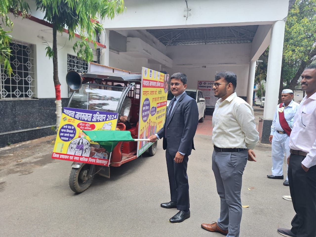 कलेक्टर एवं जिला निर्वाचन अधिकारी अवनीश शरण ने जिला कार्यालय परिसर से मतदाता जागरूकता रथ को हरी झंडी दिखाई, नगर निगम द्वारा तैयार यह रथ विशेषकर शहर के कम मतदान क्षेत्रों में फेरे लगाएगी, लोगों से संपर्क कर चुनाव आयोग के शत प्रतिशत मतदान का संदेश देगी, नगर निगम आयुक्त अमित कुमार भी इस अवसर पर उपस्थित थे।
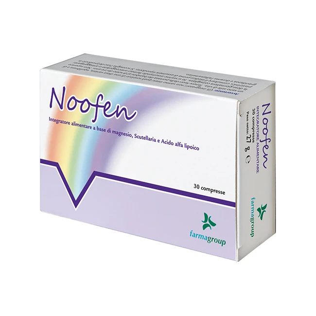 Noofen è un integratore alimentare a base di sostanze ad azione antiossidante, efficaci nel contrastare i danni provocati dai radicali liberi a carico delle membrane cellulari. L'acido alfa-lipoico è un antiossidante che protegge le cellule dai radicali liberi e favorisce la rigenerazione di altri antiossidanti come la vitamina C, vitamina E e glutatione. Il magnesio contribuisce alla normale funzione psicologica e al normale funzionamento del sistema nervoso. La scutellaria baicalensis ha proprietà ansiolitiche, neurostabilizzanti e sedative.
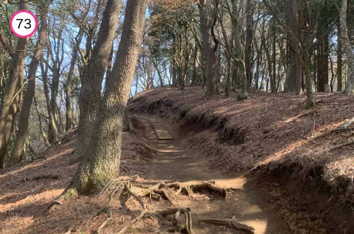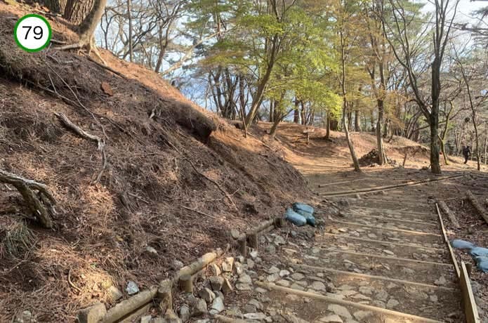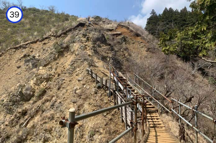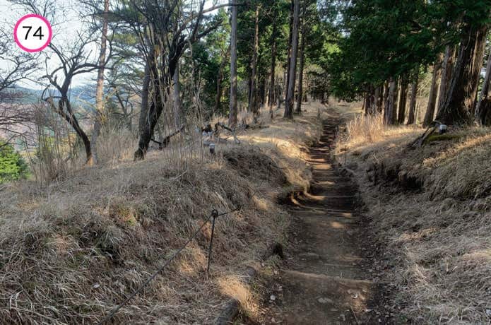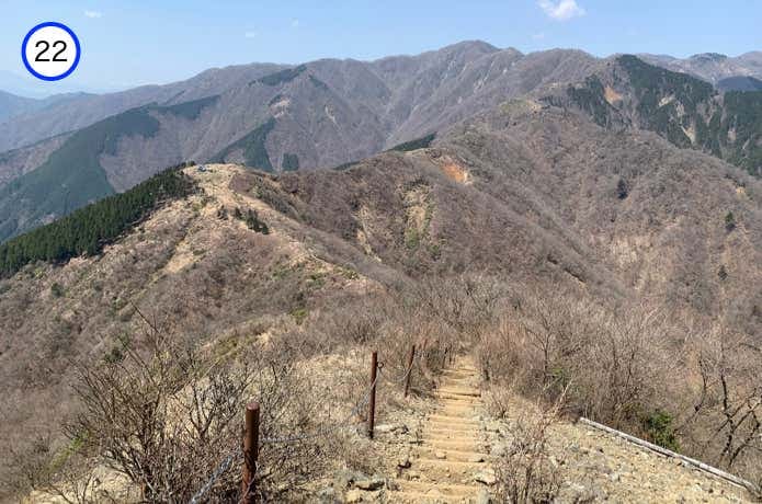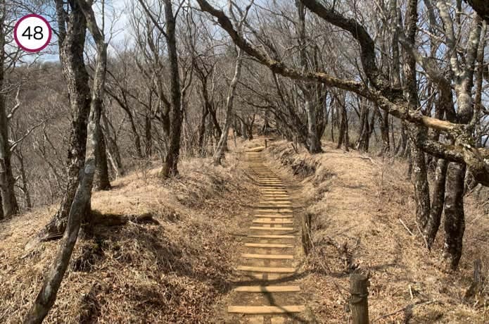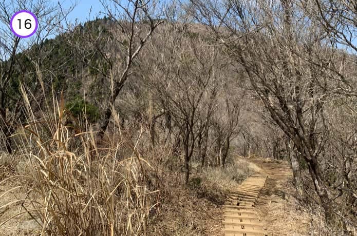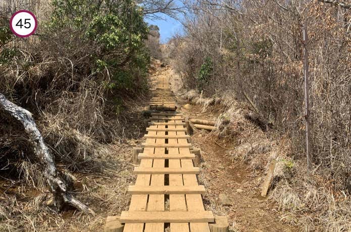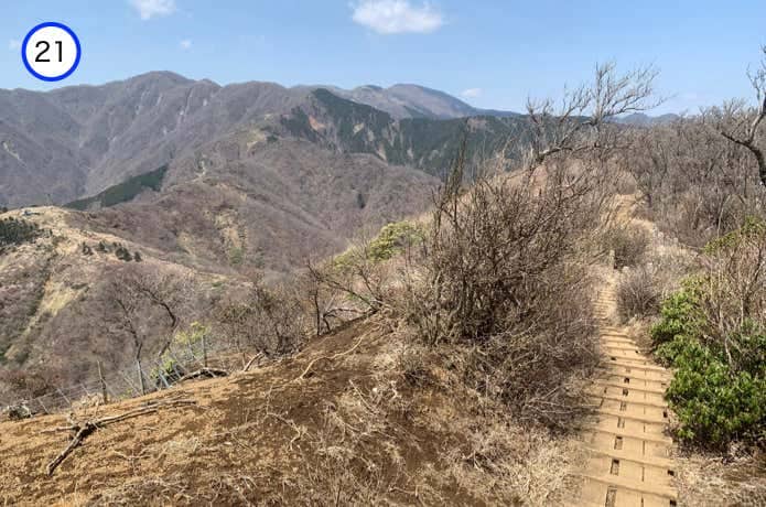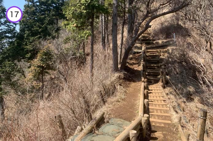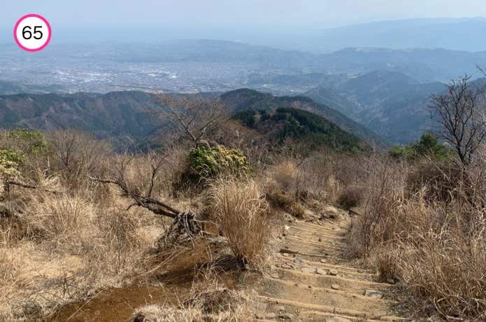 天神尾根分岐からの階段は傾斜がややなだらかで、正面に箱根連山を望むポイントもあります。

Exercise description: Reproduce the listing exactly. The pictures are to be omitted.

Written solution:
 कलेक्टर एवं जिला निर्वाचन अधिकारी अवनीश शरण ने जिला कार्यालय परिसर से मतदाता जागरूकता रथ को हरी झंडी दिखाई, नगर निगम द्वारा तैयार यह रथ विशेषकर शहर के कम मतदान क्षेत्रों में फेरे लगाएगी, लोगों से संपर्क कर चुनाव आयोग के शत प्रतिशत मतदान का संदेश देगी, नगर निगम आयुक्त अमित कुमार भी इस अवसर पर उपस्थित थे।
 Noofen è un integratore alimentare a base di sostanze ad azione antiossidante, efficaci nel contrastare i danni provocati dai radicali liberi a carico delle membrane cellulari. L'acido alfa-lipoico è un antiossidante che protegge le cellule dai radicali liberi e favorisce la rigenerazione di altri antiossidanti come la vitamina C, vitamina E e glutatione. Il magnesio contribuisce alla normale funzione psicologica e al normale funzionamento del sistema nervoso. La scutellaria baicalensis ha proprietà ansiolitiche, neurostabilizzanti e sedative.
 天神尾根分岐からの階段は傾斜がややなだらかで、正面に箱根連山を望むポイントもあります。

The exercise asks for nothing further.